• **STUDY MATERIAL**:
━━━━
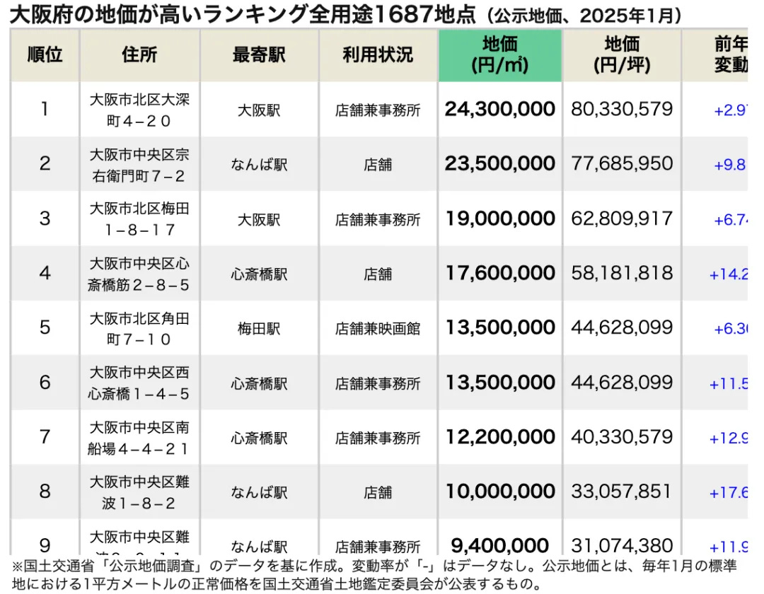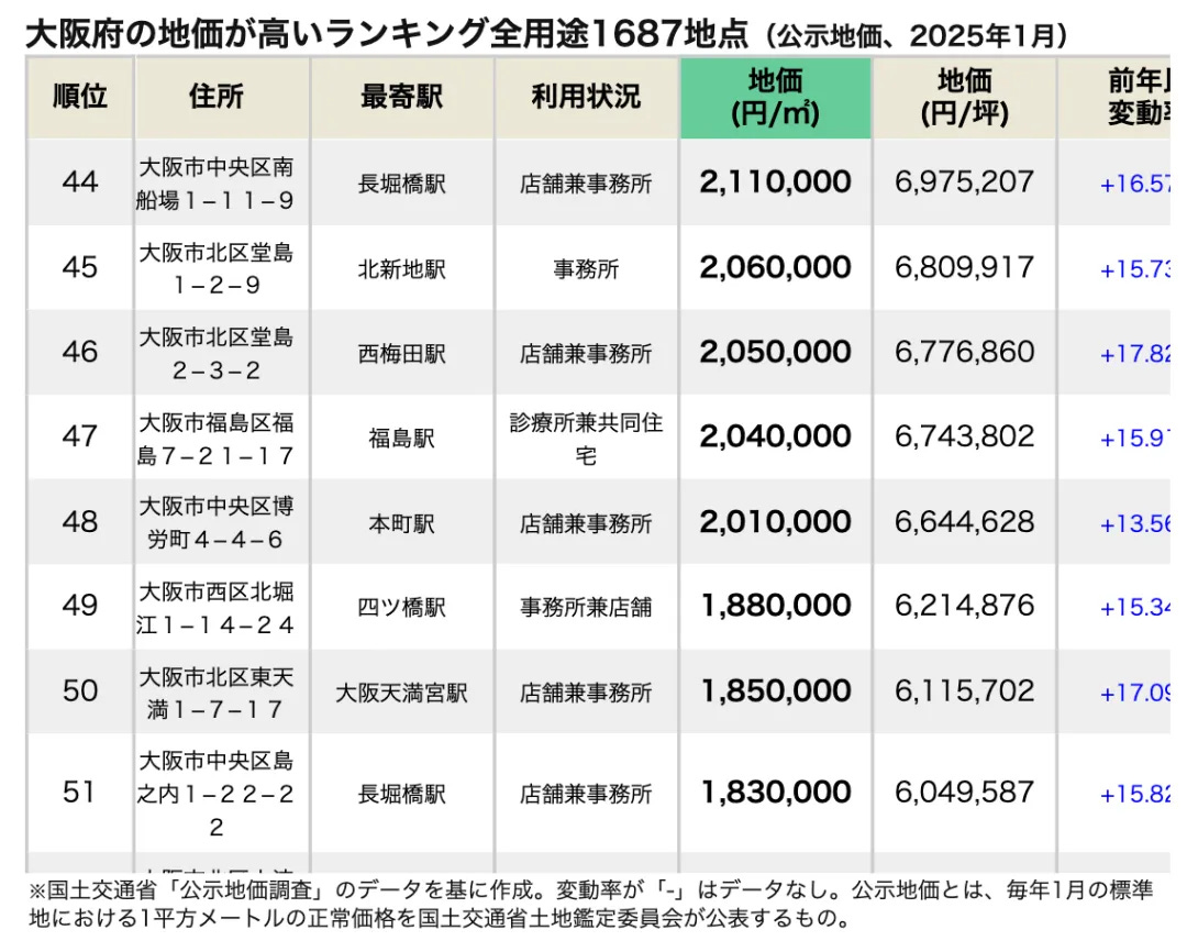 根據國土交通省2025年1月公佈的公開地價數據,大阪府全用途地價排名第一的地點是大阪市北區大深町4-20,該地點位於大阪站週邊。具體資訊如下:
━━━━
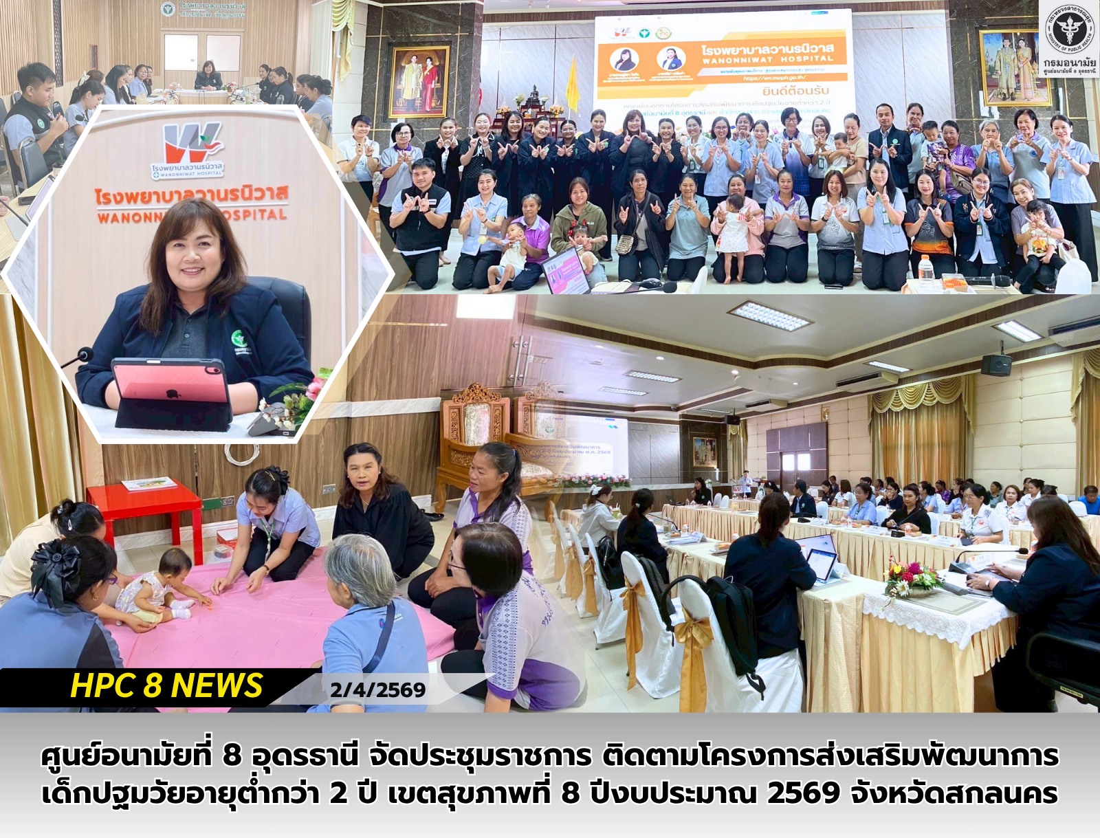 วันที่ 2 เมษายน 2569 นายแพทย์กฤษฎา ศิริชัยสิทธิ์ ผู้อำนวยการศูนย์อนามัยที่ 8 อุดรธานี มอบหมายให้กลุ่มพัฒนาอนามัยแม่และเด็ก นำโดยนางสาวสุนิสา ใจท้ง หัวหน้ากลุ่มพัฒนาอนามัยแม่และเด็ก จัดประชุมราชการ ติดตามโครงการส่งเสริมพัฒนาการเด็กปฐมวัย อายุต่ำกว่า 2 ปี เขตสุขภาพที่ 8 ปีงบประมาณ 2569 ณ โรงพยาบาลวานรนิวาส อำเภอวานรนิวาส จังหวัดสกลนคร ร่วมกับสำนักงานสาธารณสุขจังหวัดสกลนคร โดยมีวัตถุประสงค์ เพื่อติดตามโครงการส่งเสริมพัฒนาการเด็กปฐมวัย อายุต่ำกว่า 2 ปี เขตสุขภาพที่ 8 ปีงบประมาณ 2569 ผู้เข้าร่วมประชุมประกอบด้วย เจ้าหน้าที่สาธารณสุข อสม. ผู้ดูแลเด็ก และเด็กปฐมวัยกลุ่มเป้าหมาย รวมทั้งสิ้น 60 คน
━━━━
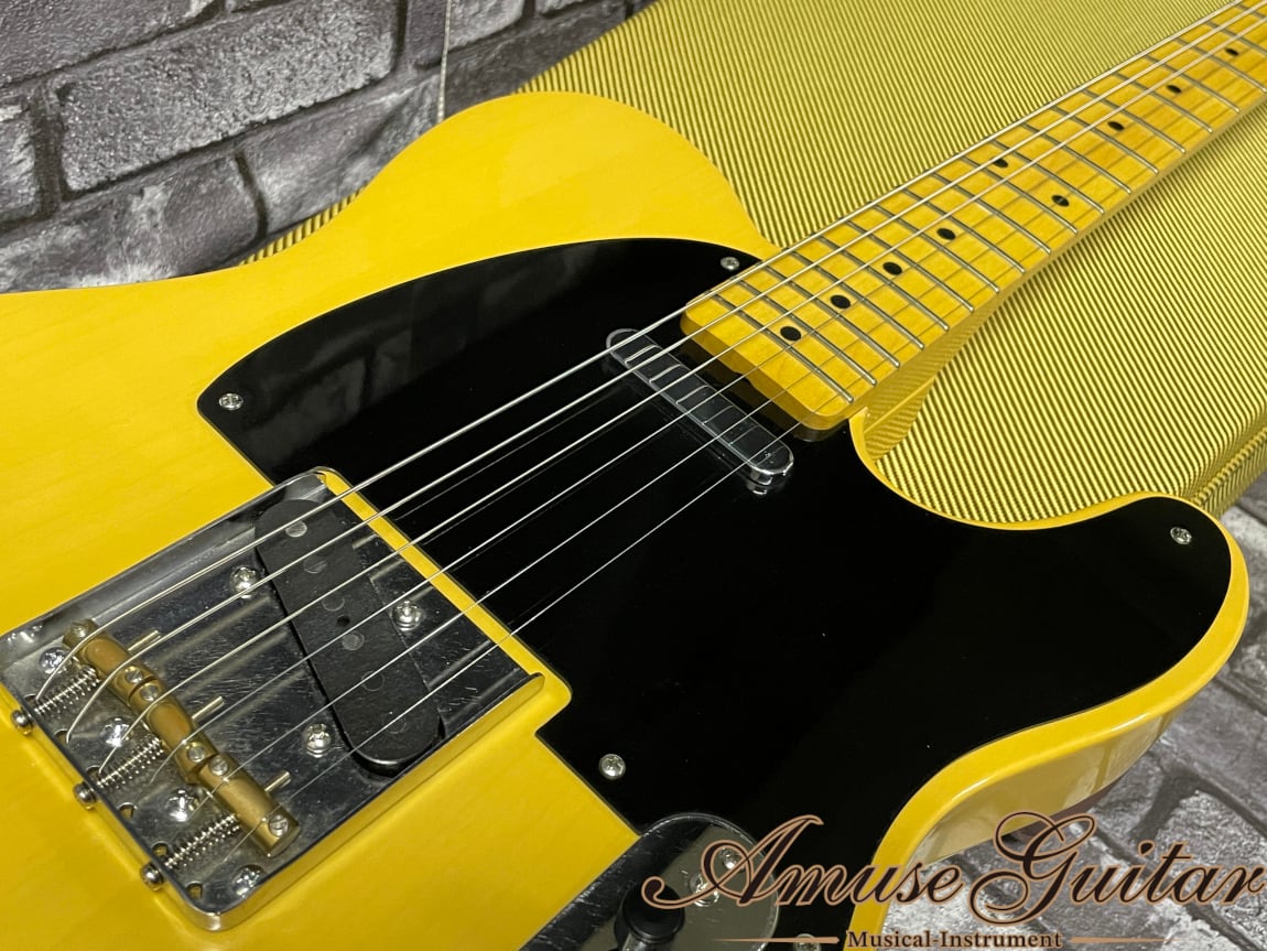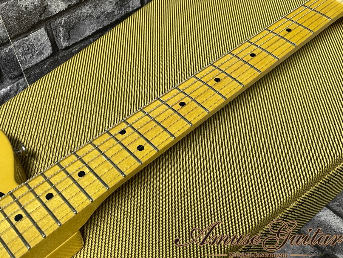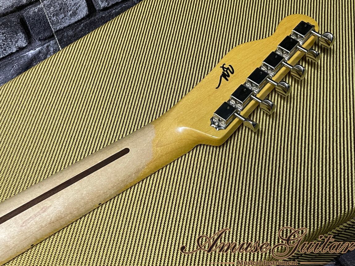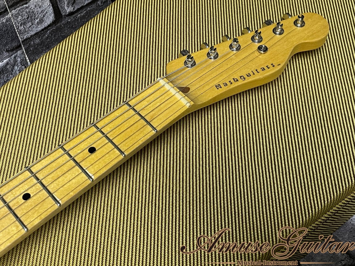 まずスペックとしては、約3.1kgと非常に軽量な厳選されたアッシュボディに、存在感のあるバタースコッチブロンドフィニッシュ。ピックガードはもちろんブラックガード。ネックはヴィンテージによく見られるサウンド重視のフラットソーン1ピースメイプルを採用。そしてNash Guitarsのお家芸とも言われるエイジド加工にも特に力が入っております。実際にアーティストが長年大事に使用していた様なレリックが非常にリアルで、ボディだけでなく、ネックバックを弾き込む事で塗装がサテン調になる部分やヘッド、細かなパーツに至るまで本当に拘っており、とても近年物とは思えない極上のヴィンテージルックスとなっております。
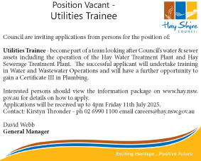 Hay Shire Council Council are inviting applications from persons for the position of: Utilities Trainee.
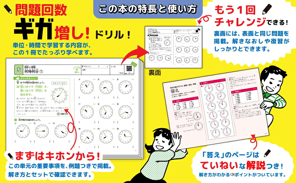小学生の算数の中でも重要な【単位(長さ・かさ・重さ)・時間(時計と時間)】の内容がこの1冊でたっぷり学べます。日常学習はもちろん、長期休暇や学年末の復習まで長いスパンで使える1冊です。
━━━━
• **TASK DETAILS**:
Reproduce the data above exactly, but only from the line containing "まずスペックとしては、約3." through the line containing "小学生の算数の中でも重要な【". Omit all pictures.

• **SOLUTION BELOW**:
 まずスペックとしては、約3.1kgと非常に軽量な厳選されたアッシュボディに、存在感のあるバタースコッチブロンドフィニッシュ。ピックガードはもちろんブラックガード。ネックはヴィンテージによく見られるサウンド重視のフラットソーン1ピースメイプルを採用。そしてNash Guitarsのお家芸とも言われるエイジド加工にも特に力が入っております。実際にアーティストが長年大事に使用していた様なレリックが非常にリアルで、ボディだけでなく、ネックバックを弾き込む事で塗装がサテン調になる部分やヘッド、細かなパーツに至るまで本当に拘っており、とても近年物とは思えない極上のヴィンテージルックスとなっております。
 Hay Shire Council Council are inviting applications from persons for the position of: Utilities Trainee.
小学生の算数の中でも重要な【単位(長さ・かさ・重さ)・時間(時計と時間)】の内容がこの1冊でたっぷり学べます。日常学習はもちろん、長期休暇や学年末の復習まで長いスパンで使える1冊です。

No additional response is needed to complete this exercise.